When asked if his sickness changed him, Franz answered that he had a lot of time to think during his stays at health resorts. During one of these recuperation periods, he discovered a Buddhist monastery quite by accident. At the time, they were giving a speech about “Cancer in the eyes of Buddhism.” This was an incentive for him to look more closely into Buddhism. It has since influenced Franz’s spiritual life, and he has also changed his diet and started going to acupuncture treatment regularly.

Franz lives in the here and now. He has rediscovered himself after living through those terrible times. Mindfulness and gratitude have become an essential part of his life. His eyes light up when he talks about the incredible support he received from friends, colleagues, and especially family, who were always there for him. Very special thanks go to the NCT and Professor Jaeger.

Franz pays much more attention to what he does with his time now than he used to. Paragliding is one example. “I had always dreamed of learning to fly,” Franz says. Now he is finally making it come true. By the time I’ve written these lines, Franz will have already headed off to Meduno with his flying equipment to glide down from the mountain peaks.

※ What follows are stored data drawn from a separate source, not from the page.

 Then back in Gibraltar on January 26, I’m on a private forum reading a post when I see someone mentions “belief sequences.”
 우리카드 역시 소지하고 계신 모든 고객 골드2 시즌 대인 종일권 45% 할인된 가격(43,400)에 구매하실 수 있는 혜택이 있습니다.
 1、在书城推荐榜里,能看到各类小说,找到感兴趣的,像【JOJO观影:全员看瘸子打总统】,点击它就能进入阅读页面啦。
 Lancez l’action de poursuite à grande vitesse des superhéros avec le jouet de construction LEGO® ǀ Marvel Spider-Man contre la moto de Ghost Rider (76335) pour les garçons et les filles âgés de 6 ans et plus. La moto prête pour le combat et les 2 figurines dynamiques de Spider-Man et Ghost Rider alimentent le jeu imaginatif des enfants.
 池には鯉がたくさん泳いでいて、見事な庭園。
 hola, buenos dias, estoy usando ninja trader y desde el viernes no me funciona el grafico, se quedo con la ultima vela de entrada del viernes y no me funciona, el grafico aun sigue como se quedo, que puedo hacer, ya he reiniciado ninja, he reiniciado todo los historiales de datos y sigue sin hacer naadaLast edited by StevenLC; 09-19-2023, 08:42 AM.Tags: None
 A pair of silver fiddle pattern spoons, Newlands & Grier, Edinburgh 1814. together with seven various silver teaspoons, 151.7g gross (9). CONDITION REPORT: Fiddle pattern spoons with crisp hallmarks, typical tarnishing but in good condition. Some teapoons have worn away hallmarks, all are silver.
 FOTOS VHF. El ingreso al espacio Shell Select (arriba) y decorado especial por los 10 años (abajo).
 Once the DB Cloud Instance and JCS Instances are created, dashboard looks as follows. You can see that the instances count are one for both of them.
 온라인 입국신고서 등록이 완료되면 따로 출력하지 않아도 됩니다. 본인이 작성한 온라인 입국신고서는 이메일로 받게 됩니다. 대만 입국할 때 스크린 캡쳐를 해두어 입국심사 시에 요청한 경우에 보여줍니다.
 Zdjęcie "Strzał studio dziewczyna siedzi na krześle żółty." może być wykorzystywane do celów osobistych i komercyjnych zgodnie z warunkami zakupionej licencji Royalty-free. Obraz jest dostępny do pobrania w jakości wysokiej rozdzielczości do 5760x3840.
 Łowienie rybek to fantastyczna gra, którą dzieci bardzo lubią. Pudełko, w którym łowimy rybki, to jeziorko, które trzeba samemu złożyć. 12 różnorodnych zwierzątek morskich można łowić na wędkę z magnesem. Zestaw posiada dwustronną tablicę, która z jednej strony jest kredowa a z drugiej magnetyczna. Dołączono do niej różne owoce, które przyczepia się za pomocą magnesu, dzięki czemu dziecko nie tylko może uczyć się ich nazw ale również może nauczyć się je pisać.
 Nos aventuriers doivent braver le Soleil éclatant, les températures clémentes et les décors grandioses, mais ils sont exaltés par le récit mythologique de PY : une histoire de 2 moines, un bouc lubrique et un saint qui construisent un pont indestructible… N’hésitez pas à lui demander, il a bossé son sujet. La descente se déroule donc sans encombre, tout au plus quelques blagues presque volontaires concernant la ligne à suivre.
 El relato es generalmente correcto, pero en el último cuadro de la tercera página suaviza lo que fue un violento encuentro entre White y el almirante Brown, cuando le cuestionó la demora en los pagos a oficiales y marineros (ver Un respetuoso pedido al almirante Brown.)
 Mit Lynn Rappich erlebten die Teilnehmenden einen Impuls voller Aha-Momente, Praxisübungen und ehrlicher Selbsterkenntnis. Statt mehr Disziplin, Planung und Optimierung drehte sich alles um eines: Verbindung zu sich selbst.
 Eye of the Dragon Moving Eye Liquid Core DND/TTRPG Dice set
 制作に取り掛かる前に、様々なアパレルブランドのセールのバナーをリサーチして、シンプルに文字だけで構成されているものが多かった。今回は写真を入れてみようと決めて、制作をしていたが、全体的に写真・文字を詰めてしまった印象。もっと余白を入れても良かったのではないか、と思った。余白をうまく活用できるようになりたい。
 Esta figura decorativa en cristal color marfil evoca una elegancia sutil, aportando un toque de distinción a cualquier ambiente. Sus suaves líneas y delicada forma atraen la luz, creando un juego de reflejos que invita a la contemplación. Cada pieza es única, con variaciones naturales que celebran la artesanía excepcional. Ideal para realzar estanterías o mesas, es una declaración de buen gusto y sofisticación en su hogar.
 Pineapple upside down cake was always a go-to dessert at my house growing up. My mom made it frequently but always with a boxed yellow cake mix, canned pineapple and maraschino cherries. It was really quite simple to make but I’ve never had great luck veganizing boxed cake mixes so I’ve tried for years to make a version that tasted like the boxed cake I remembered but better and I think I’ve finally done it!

Despite the flying, he has remained very grounded. Franz loves his work. He has been working at SAP for 20 years, first as head of HR development, later in sales, business development, and now in solution management. If it were up to him, he would keep it this way for as long as he still enjoys his work and is able to do a good job. However, he has also become more resolute at work and as global head of SAP’s shared services solutions no longer takes on just any project.

Our conversation comes to an end and we meet his wife Mila, also an SAP colleague. Franz wants to go for a run now, which is why he came to the interview in sportswear. He jogs two to three times a week on the advice of NCT.

But maybe not today after all – the weather is just too nice. “Maybe I should relax on the terrace instead,” he quips.

Franz is well on his way – with the occasional short break.